Exercise instructions → All the lines below need to be transcribed exactly. Pictures get left out.

Stored data:
+ + + +

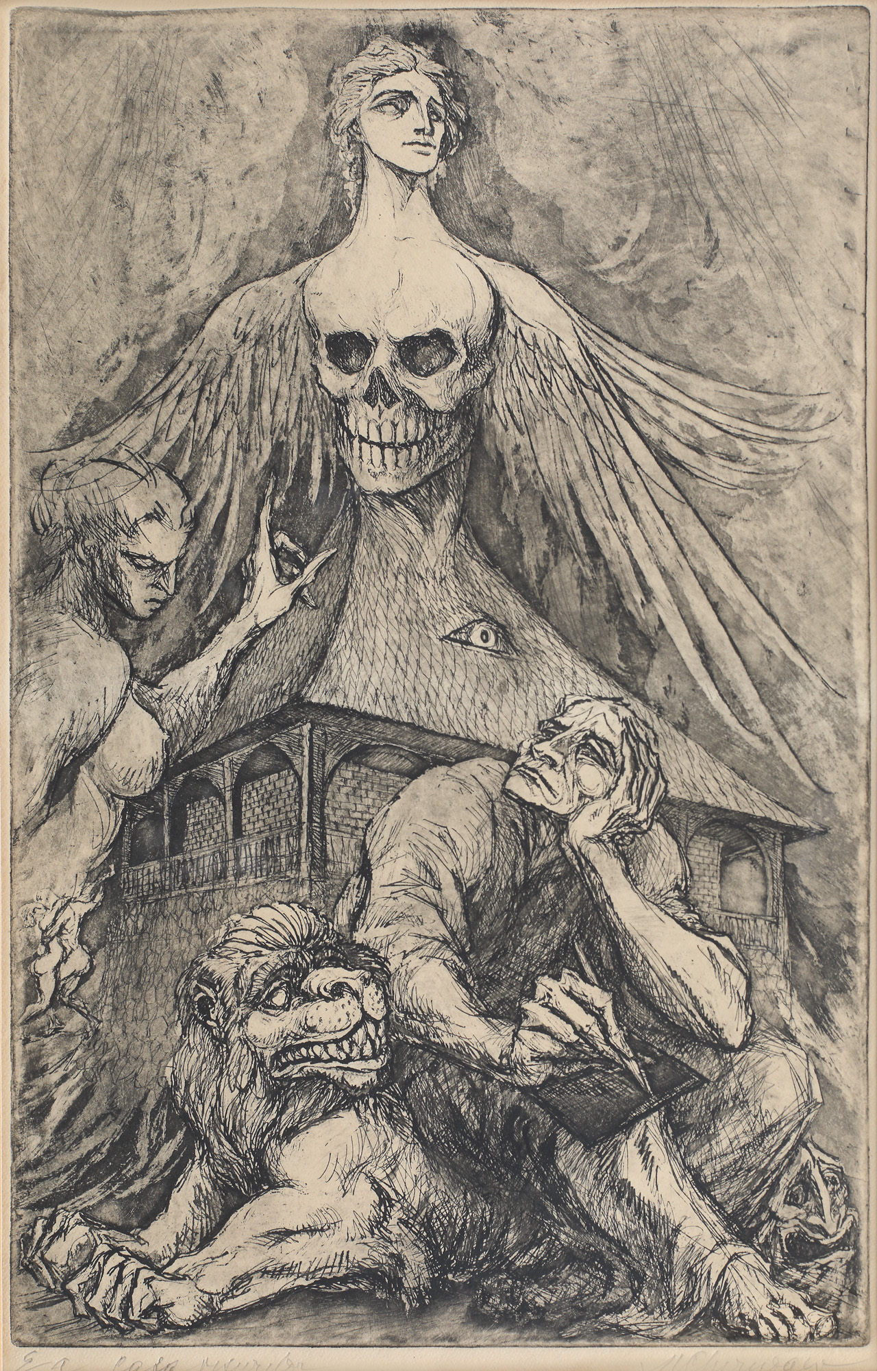 semnat dreapta jos, în creion, "M. Chirnoagă"; intintulat si notat stânga jos, în creion, "Casa Maurilor, E.a"
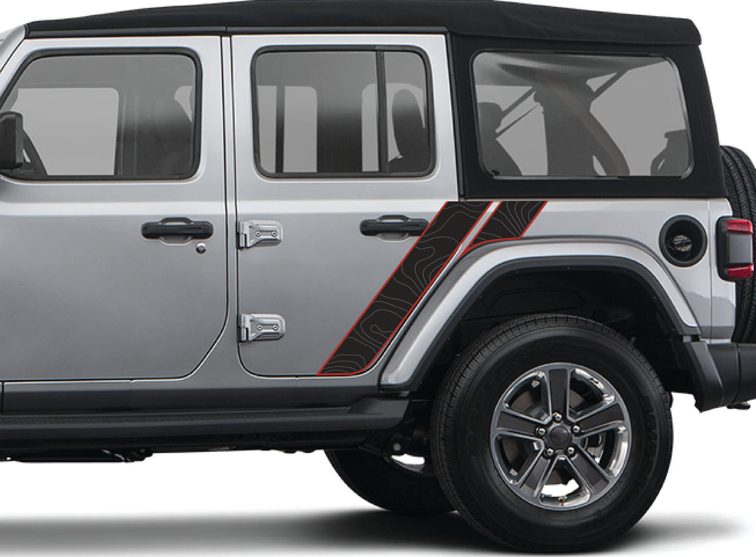 Double Stripe Topographical Color Line Rubicon Blackout Decal Set- fits 2018 and Newer Jeep Wrangler
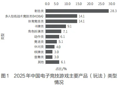 截至2025年12月,中国电子竞技游戏主要产品的玩法类型中,产品数量最多的3种类型是射击类、多人在线战术竞技类(MOBA)和体育类,占比分别为28.3%、14.1%和14.1%。如图1所示。
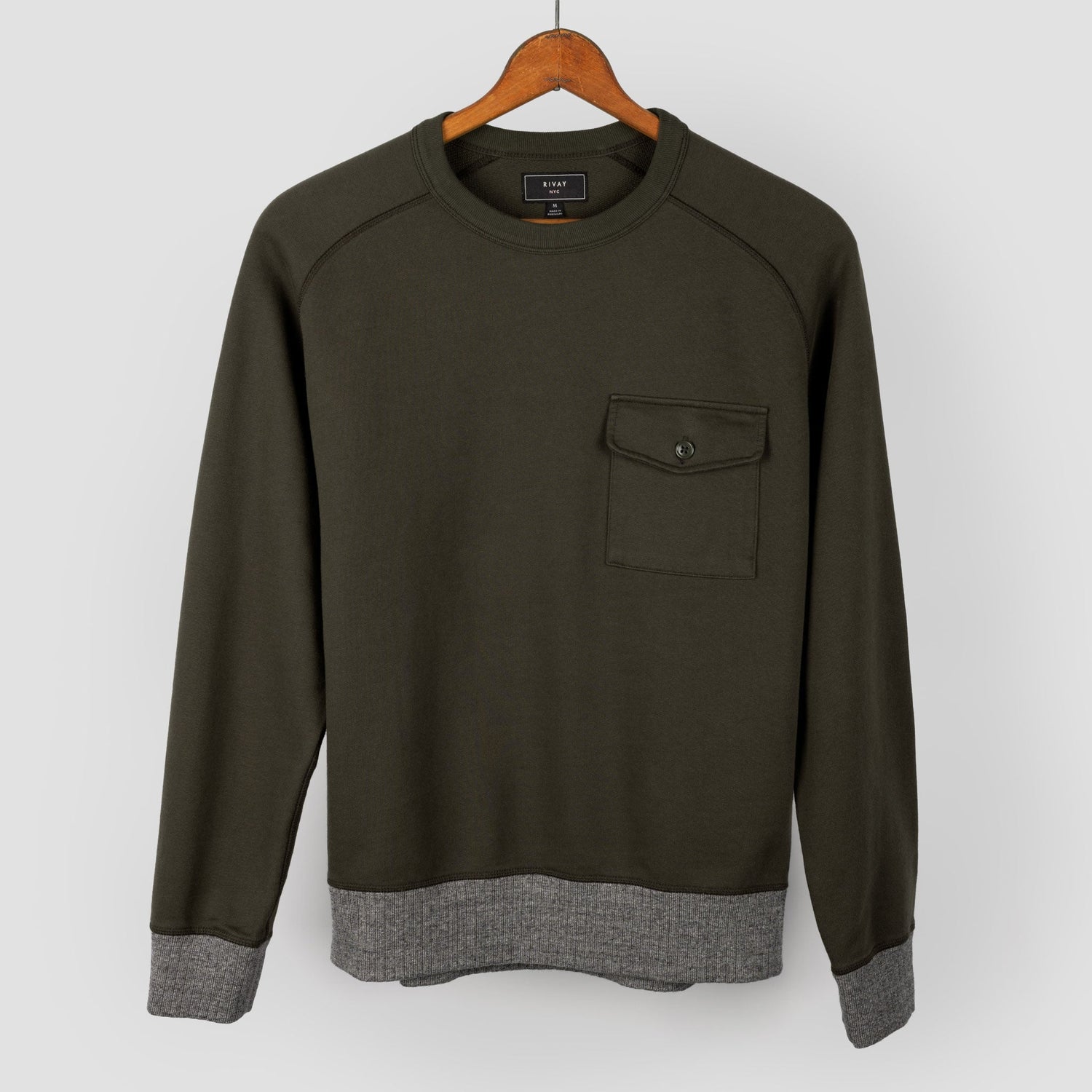 This slim-fit sweater—made from olive-colored French Terry cotton and finished with a chest utility pocket—is equal parts relaxed and refined.
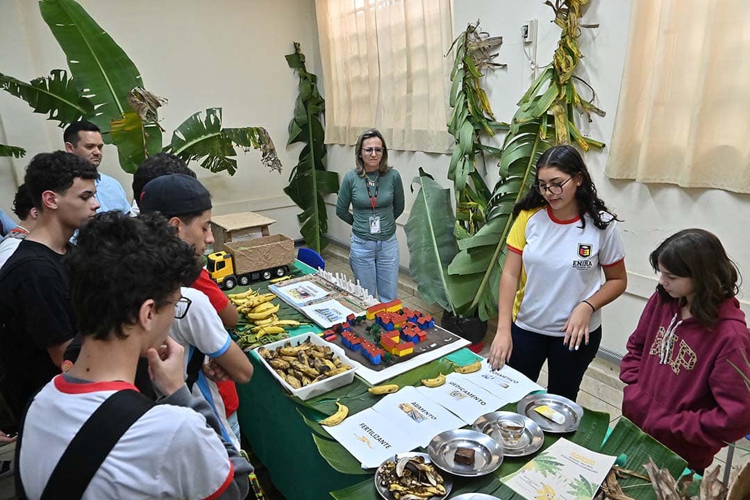 Os alunos do Colégio Estadual Enira Moraes Ribeiro, em Paranavaí, perceberam que a casca da banana poderia ter outra destinação além do cesto de lixo. Descobriram que dá para utilizar o produto na elaboração de alimentos, fertilizantes, medicamentos e cosméticos.
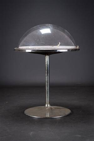 Udstillingsmontre på trompetfod af patineret metal, halvkuppel af akryl. H. 95 Ø 73 cm. Lås og nøgle medfølger
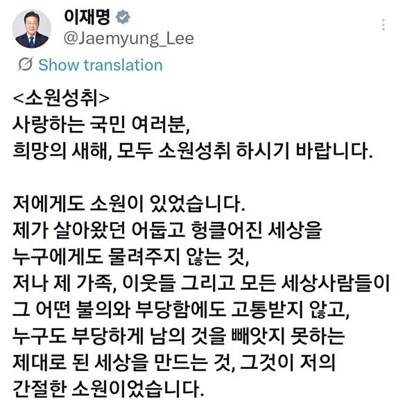 이 대통령은 설날인 이날 엑스(X·옛 트위터) 계정에 글을 올려 "사랑하는 국민 여러분, 새해에 모두 소원성취하기를 바란다. 저에게도 소원이 있었다"며 이같이 남겼다.

+ + + +

Reply →
 semnat dreapta jos, în creion, "M. Chirnoagă"; intintulat si notat stânga jos, în creion, "Casa Maurilor, E.a"
 Double Stripe Topographical Color Line Rubicon Blackout Decal Set- fits 2018 and Newer Jeep Wrangler
 截至2025年12月,中国电子竞技游戏主要产品的玩法类型中,产品数量最多的3种类型是射击类、多人在线战术竞技类(MOBA)和体育类,占比分别为28.3%、14.1%和14.1%。如图1所示。
 This slim-fit sweater—made from olive-colored French Terry cotton and finished with a chest utility pocket—is equal parts relaxed and refined.
 Os alunos do Colégio Estadual Enira Moraes Ribeiro, em Paranavaí, perceberam que a casca da banana poderia ter outra destinação além do cesto de lixo. Descobriram que dá para utilizar o produto na elaboração de alimentos, fertilizantes, medicamentos e cosméticos.
 Udstillingsmontre på trompetfod af patineret metal, halvkuppel af akryl. H. 95 Ø 73 cm. Lås og nøgle medfølger
 이 대통령은 설날인 이날 엑스(X·옛 트위터) 계정에 글을 올려 "사랑하는 국민 여러분, 새해에 모두 소원성취하기를 바란다. 저에게도 소원이 있었다"며 이같이 남겼다.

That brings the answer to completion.